跳到主要内容

读取有错误的 CSV 文件

CSV 文件形态各异,其中不少会包含大量错误,导致“无损读取”本身就很困难。为帮助用户处理这类文件,Goose 提供了详细错误信息、跳过错误行能力,以及将错误行保存到临时表的功能,便于后续数据清洗。

结构性错误

Goose 支持检测并跳过多种结构性错误。本节将逐一说明并给出示例。 示例中使用如下表结构:

CREATE TABLE people (name VARCHAR, birth_date DATE);

Goose 可检测以下错误类型:

  • CAST: Casting errors occur when a column in the CSV file cannot be cast to the expected schema value. For example, the line Pedro,The 90s would cause an error since the string The 90s cannot be cast to a date.
  • MISSING COLUMNS: This error occurs if a line in the CSV file has fewer columns than expected. In our example, we expect two columns; therefore, a row with just one value, e.g., Pedro, would cause this error.
  • TOO MANY COLUMNS: This error occurs if a line in the CSV has more columns than expected. In our example, any line with more than two columns would cause this error, e.g., Pedro,01-01-1992,pdet.
  • UNQUOTED VALUE: Quoted values in CSV lines must always be unquoted at the end; if a quoted value remains quoted throughout, it will cause an error. For example, assuming our scanner uses quote='"', the line "pedro"holanda, 01-01-1992 would present an unquoted value error.
  • LINE SIZE OVER MAXIMUM: Goose has a parameter that sets the maximum line size a CSV file can have, which by default is set to 2,097,152 bytes.
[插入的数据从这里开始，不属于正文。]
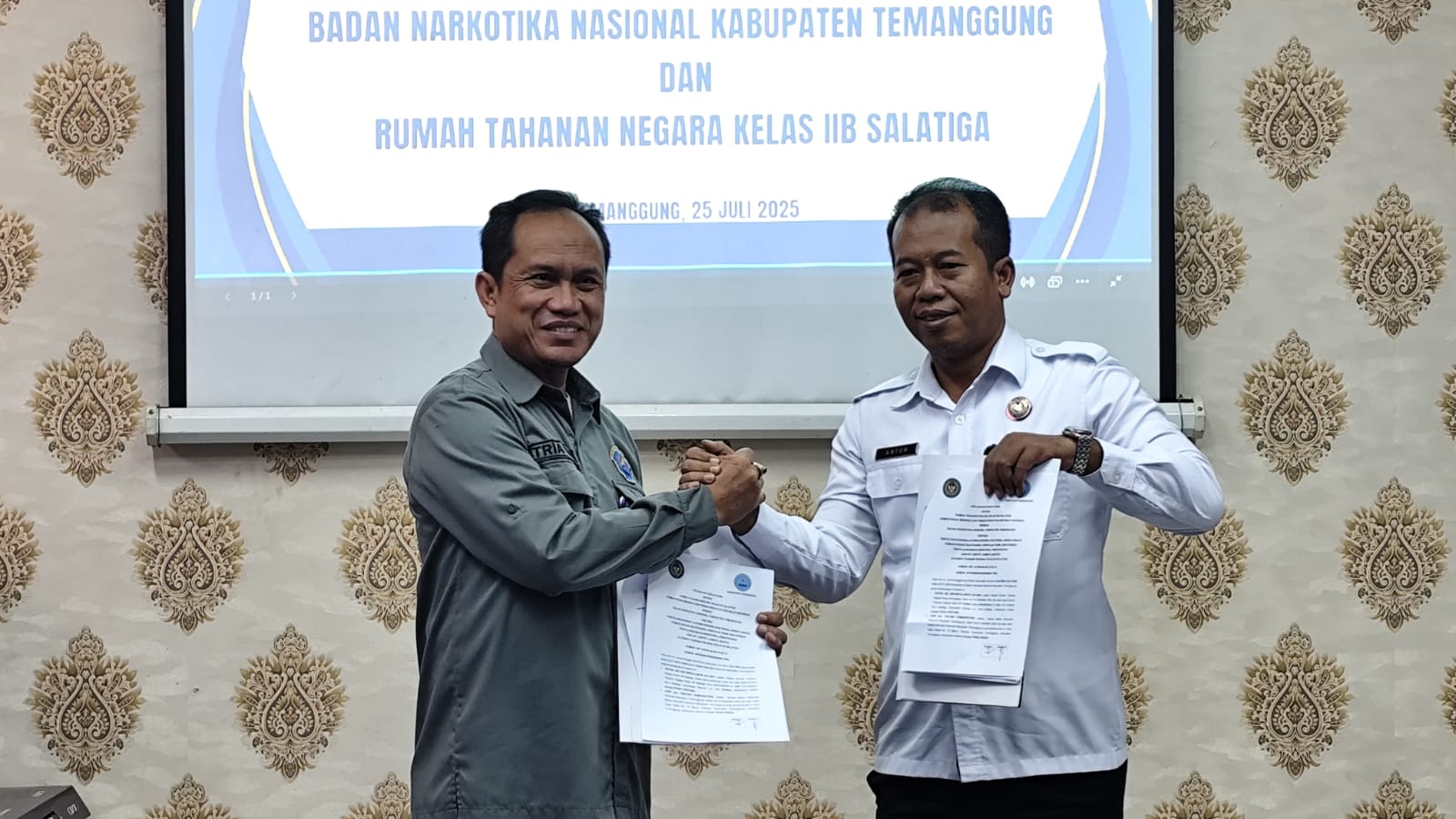 Salatiga – Memperkuat sinergi dalam upaya memberantas peredaran narkoba sesuai arahan Menteri Imigrasi dan Pemasyarakatan, Rumah Tahanan Negara (Rutan) Salatiga meneken perjanjian kerjasama dengan Badan Narkotika Nasional Kabupaten (BNNK) Temanggung. Jumat (25/07/2025).
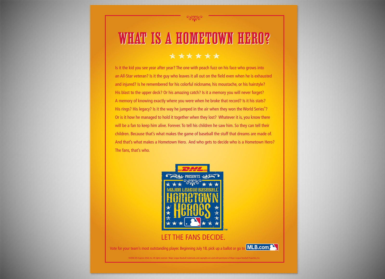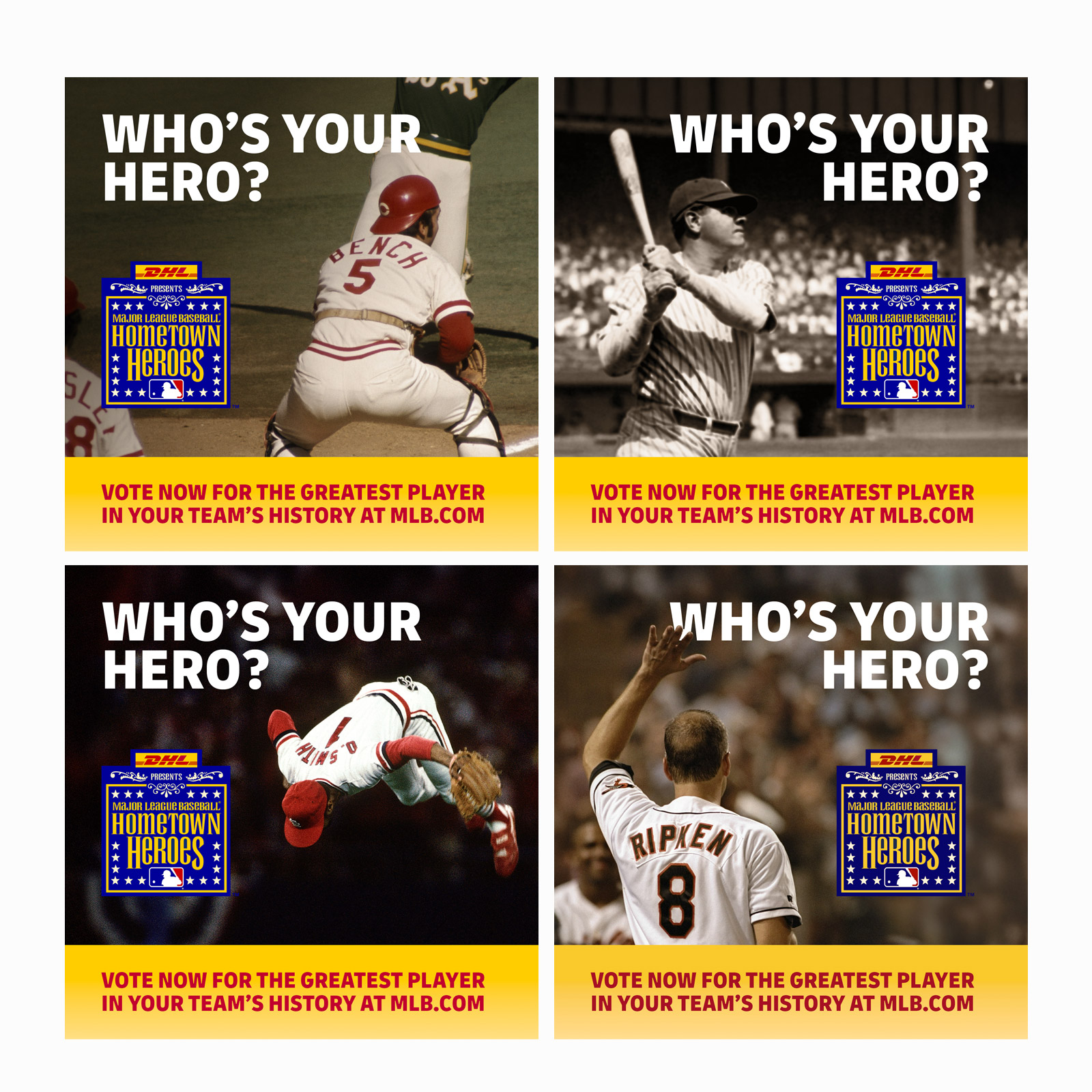 For DHL and Major League Baseball’s Hometown Heroes program, I designed the core visual identity and campaign logo. The system needed to work across every MLB franchise, while aligning with DHL’s global brand standards.

Assuming our scanner is set to max_line_size = 25, the line Pedro Holanda, 01-01-1992 would produce an error, as it exceeds 25 bytes.
  • INVALID ENCODING: Goose supports UTF-8 strings, UTF-16 and Latin-1 encodings. Lines containing other characters will produce an error. For example, the line pedro\xff\xff, 01-01-1992 would be problematic.

CSV 错误信息结构

默认情况下,读取 CSV 时一旦遇到结构性错误,扫描器会立刻停止并将错误抛给用户。 这些错误信息会尽可能包含完整上下文,方便用户直接回到 CSV 文件定位问题。

以下是完整错误信息示例:

Conversion Error:
CSV Error on Line: 5648
Original Line: Pedro,The 90s
Error when converting column "birth_date". date field value out of range: "The 90s", expected format is (DD-MM-YYYY)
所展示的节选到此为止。